You posted a vague and meaningless assertion. If you do not have latency numbers and cost differences, you have absolutely nothing to show for, and you failed to provide any rationale that justified even whether any cache is required at all.

odie5533 5 hours ago | parent [-]

At 10k RPS you'll see a significant cost savings with Redis over DynamoDB.

ElastiCache Serverless (Redis/Memcached): Typical latency is 300–500 microseconds (sub-millisecond response)

DynamoDB On-Demand: Typical latency is single-digit milliseconds (usually between 1–10 milliseconds for standard requests)

hvb2 an hour ago | parent | next [-]

> At 10k RPS

You would've used local memory first. At which point I cannot see getting to those request levels anymore

> ElastiCache Serverless (Redis/Memcached): Typical latency is 300–500 microseconds (sub-millisecond response)

Sure

> DynamoDB On-Demand: Typical latency is single-digit milliseconds (usually between 1–10 milliseconds for standard requests)

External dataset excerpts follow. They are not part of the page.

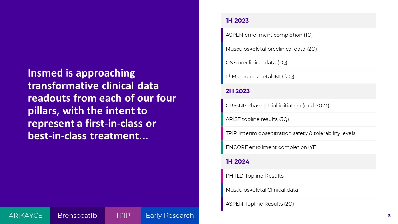 1H 2023  ASPEN enrollment completion (1Q)  Musculoskeletal preclinical data (2Q)  CNS preclinical data (2Q)  1st Musculoskeletal IND (2Q)  2H 2023  CRSsNP Phase 2 trial initiation (mid-2023)  ARISE topline results (3Q)  TPIP Interim dose titration safety & tolerability levels  ENCORE enrollment completion (YE)  1H 2024  PH-ILD Topline Results  Musculoskeletal Clinical data  ASPEN Topline Results (2Q)  Insmed is approaching transformative clinical data readouts from each of our four pillars, with the intent to represent a first-in-class or best-in-class treatment...  ARIKAYCE  Brensocatib  TPIP  Early Research
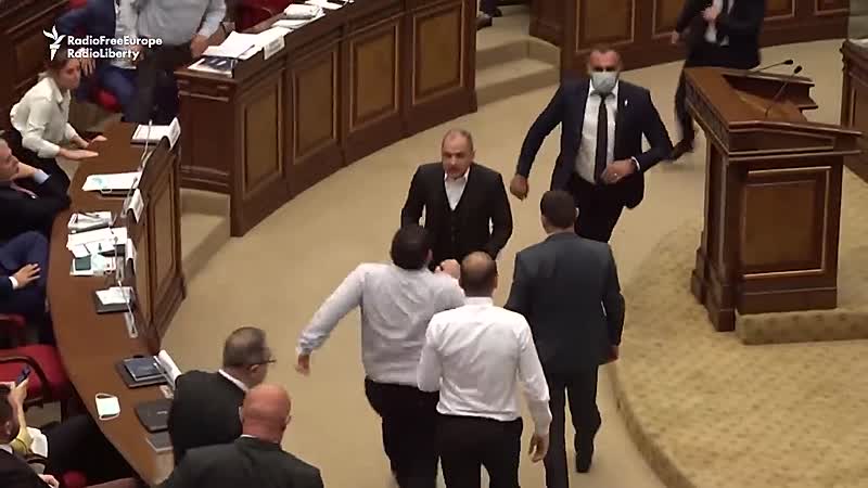 De spanningen lopen in bepaalde delen van Armenië hoog op na de oorlog van vorig jaar in de regio Nagorno-Karabach. Nadat een politicus van een regeringspartij een paar oud-ministers van Defensie 'verraders' noemde sloeg de vlam in de spreekwoordelijke pan en gingen ze elkaar te lijf.
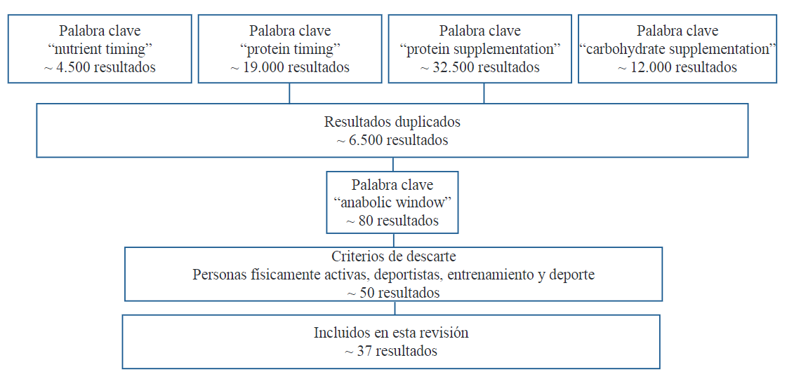 El número de artículos que arroja la búsqueda para cada palabra son: 1) “nutrient timing”: alrededor de 4.500 resultados, 2) “protein timing”: alrededor de 19.000, 3) “protein supplementation”: alrededor de 32.500, 4) “carbohydrate supplementation”: alrededor de 12.000 y 5) “anabolic window”: alrededor de 80. La búsqueda realizada en las bases de datos en castellano arroja muy pocos resultados para las palabras clave utilizadas.
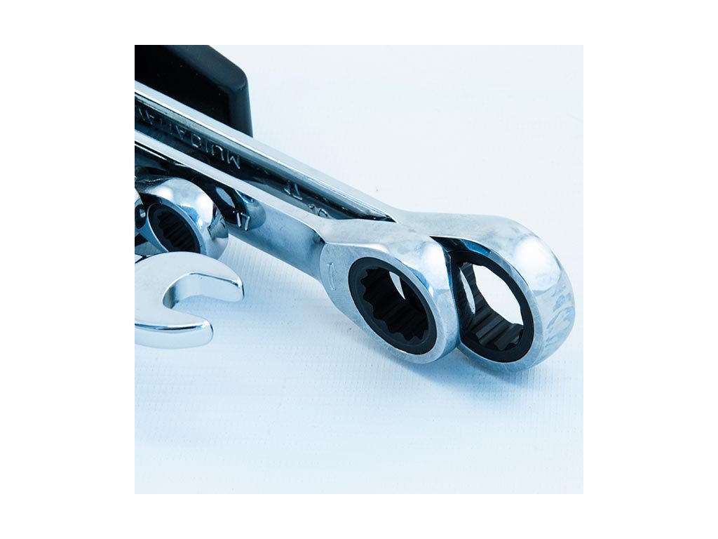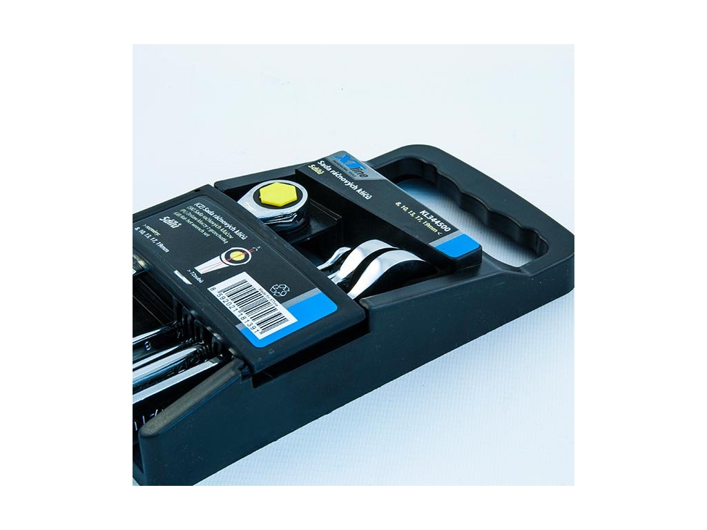 Sada ráčen umožňuje utahování a povolování šroubů bez sejmutí klíče z matice. Ráčna má kvalitní konstrukci z chrom-vanadiové oceli. Sada ráčnových klíčů je nepostradatelným pomocníkem při povolování zrezlých a zničených šroubů.
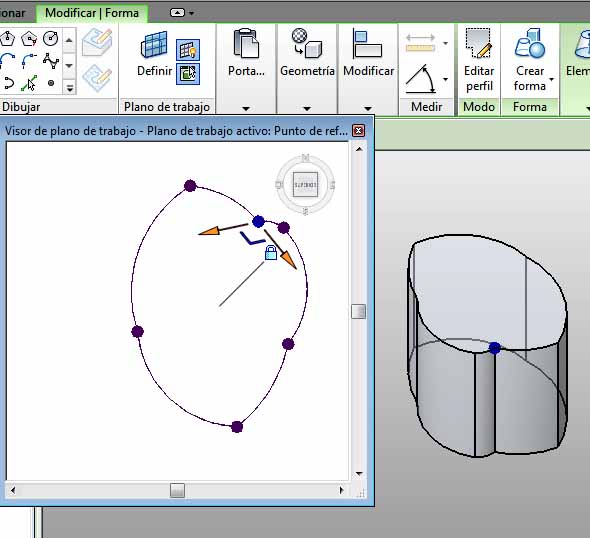 Se define como Plano de trabajo actual el círculo que ha generado el toroide, y desde el Visor de plano de trabajo, actuando sobre los pinzamientos del mismo, se modifica el perfil del mismo, de forma que se obtiene el siguiente resultado sobre la Masa:
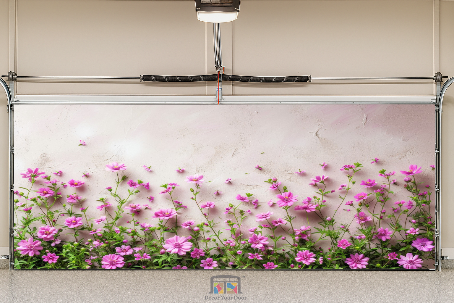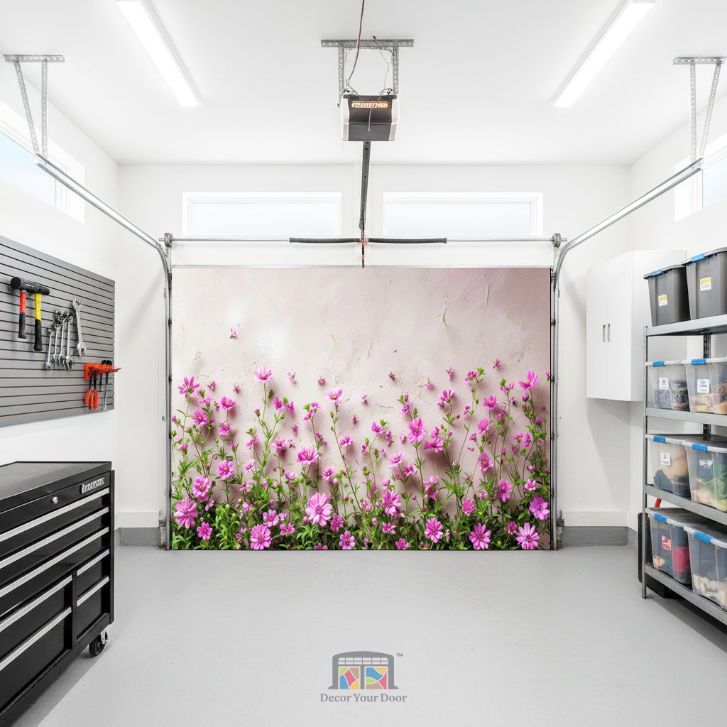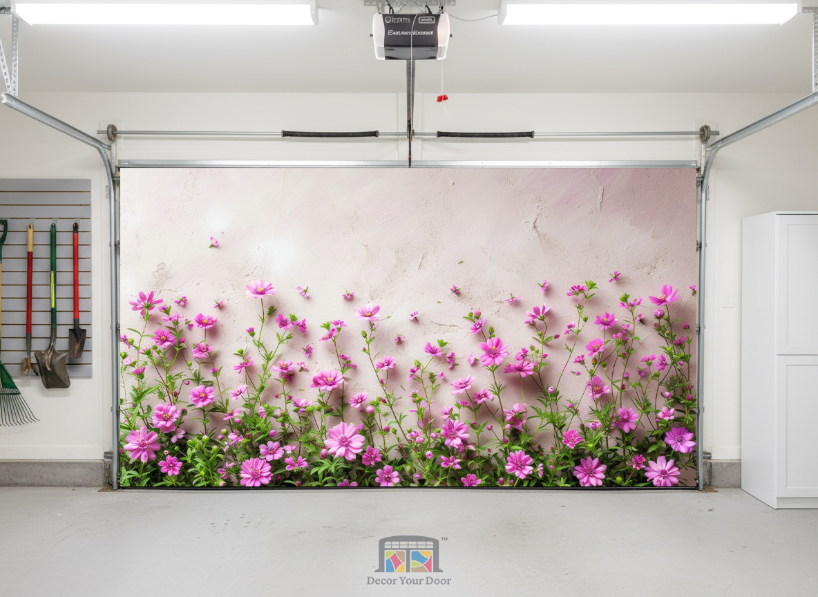 Brighten your home with the gentle beauty of the Blossom Charm Interior Garage Door Cover by Decor Your Door. Featuring a row of delicate pink blooms rising against a soft pastel wall, this design brings a touch of spring serenity to any interior. Perfect for adding freshness and charm, it transforms your garage into a peaceful, uplifting space filled with natural warmth and floral elegance.
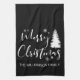 Modern Custom Black White Tree Merry Christmas Tea Towel
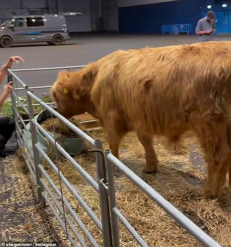 Artistja, e njohur për estetikën e saj unike dhe për energjinë ‘drag’ që e shoqëron, solli një poni, dy lopë Highland, katër këlyshë labradori dhe dy dhi për të krijuar një atmosferë relaksuese para shfaqjes.

I know very little use cases where that difference is meaningful. Unless you have to do this many times sequentially in which case optimizing that would be much more interesting than a single read being .5 ms versus the typical 3 to 4 for dynamo (that last number is based on experience)

motorest 4 hours ago | parent | prev [-]

> At 10k RPS you'll see a significant cost savings with Redis over DynamoDB.

You need to be more specific than that. Depending on your read/write patterns and how much memory you need to allocate to Redis, back of the napkin calculations still point to the fact that Redis can still cost >$1k/month more than DynamoDB.

Did you actually do the math on what it costs to run Redis?